Obviously we're just dueling anecdotes here, but FWIW, I'm a US tech worker who bought a Tesla in 2022 and certainly never will again. I have four friends with Teslas in tech and all of them say the same thing: never again. Replacement cycles for cars are so long that this will take a while to fully show up in the data, but I don't see growth anywhere in their future, especially when BYD is eating their lunch in seemingly every non-US market.
Sure never again is totally fair and I am sure a lot of people hate it. I was mostly objecting to the radioactivity of it. Your friends will be more like “I am looking to sell my Tesla in 3 months” if it is truly radioactive.
Unfortunately, Tesla resale values have also plummeted, so even if people wanted to sell them desperately it may not be a financially sensible decision.

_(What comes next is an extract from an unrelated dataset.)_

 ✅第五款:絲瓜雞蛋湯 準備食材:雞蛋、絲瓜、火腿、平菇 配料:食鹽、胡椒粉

Personally, as a Tesla owner I'm concerned that if my car gets totalled I'll get pretty lowballed on the insurance settlement.

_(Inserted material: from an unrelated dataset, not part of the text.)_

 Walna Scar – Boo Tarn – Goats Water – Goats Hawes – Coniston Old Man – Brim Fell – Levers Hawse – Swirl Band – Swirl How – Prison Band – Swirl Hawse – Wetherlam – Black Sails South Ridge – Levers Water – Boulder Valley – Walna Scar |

> Personally, as a Tesla owner I'm concerned that if my car gets totalled I'll get pretty lowballed on the insurance settlement.
The kinda obvious answer there is to use your insurance settlement to buy another highly-depreciated Tesla. Insurance settlements are intended to let you get a comparable replacement as determined by market value. (The alternative is that if your Tesla gets totalled, it's a get-out-of-jail-free card to get a non-Tesla.)